*AIM OF THE EXERCISE*. Starting at the line that holds "BEIJING, CHINA (27/DIC/2012).- Luego" and stopping at the line that holds "Объемы торгов ценными", restate the records below word for word, with both of those lines included.

*SOURCE INFORMATION*.
════════════════════
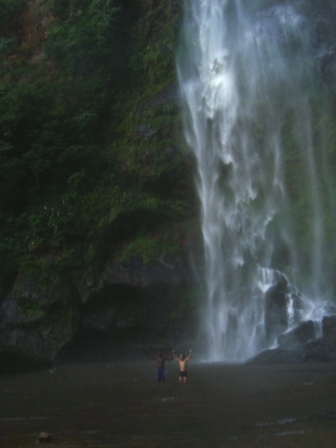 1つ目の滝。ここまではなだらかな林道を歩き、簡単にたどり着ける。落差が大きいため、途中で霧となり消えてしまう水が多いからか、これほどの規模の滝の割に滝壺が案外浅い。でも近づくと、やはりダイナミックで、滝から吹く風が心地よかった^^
════════════════════
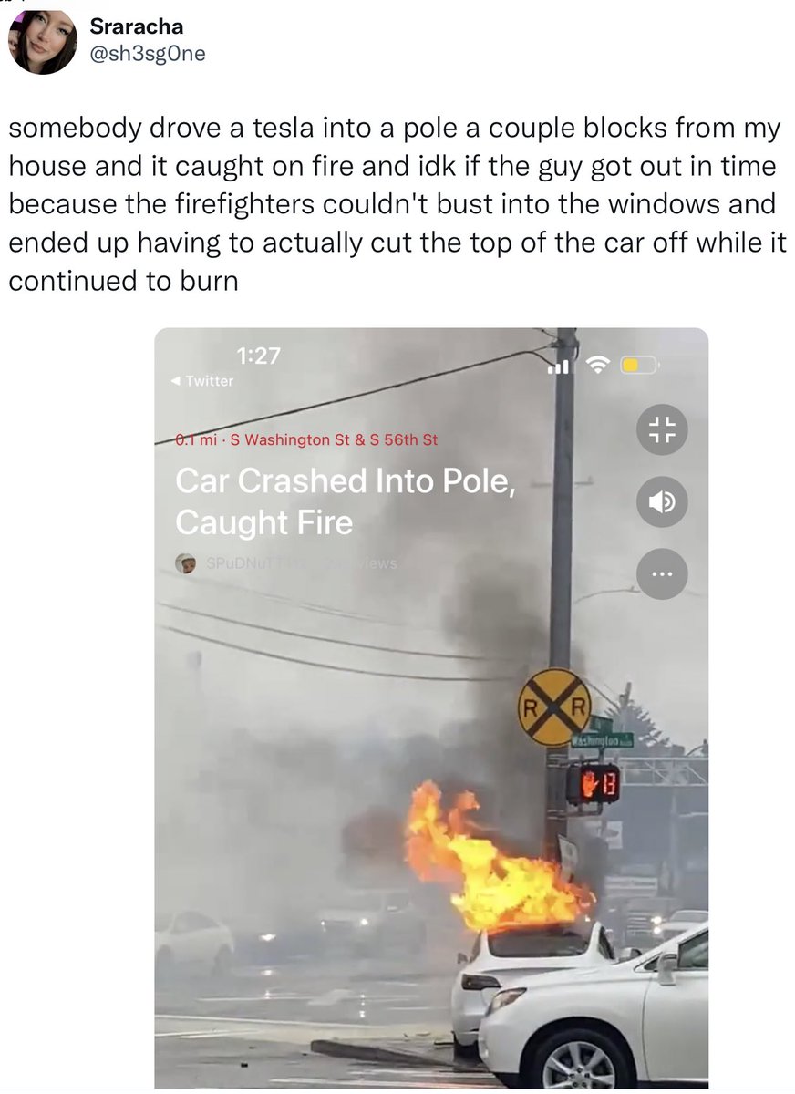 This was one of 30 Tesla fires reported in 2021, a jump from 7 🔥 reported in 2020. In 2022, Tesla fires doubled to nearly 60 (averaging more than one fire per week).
════════════════════
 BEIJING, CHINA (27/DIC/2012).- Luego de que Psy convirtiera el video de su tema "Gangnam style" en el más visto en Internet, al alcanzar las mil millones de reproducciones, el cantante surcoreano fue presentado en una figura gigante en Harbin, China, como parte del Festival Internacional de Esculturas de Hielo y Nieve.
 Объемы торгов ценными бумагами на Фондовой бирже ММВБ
════════════════════
*ANSWER TO THIS TASK*.
 BEIJING, CHINA (27/DIC/2012).- Luego de que Psy convirtiera el video de su tema "Gangnam style" en el más visto en Internet, al alcanzar las mil millones de reproducciones, el cantante surcoreano fue presentado en una figura gigante en Harbin, China, como parte del Festival Internacional de Esculturas de Hielo y Nieve.
 Объемы торгов ценными бумагами на Фондовой бирже ММВБ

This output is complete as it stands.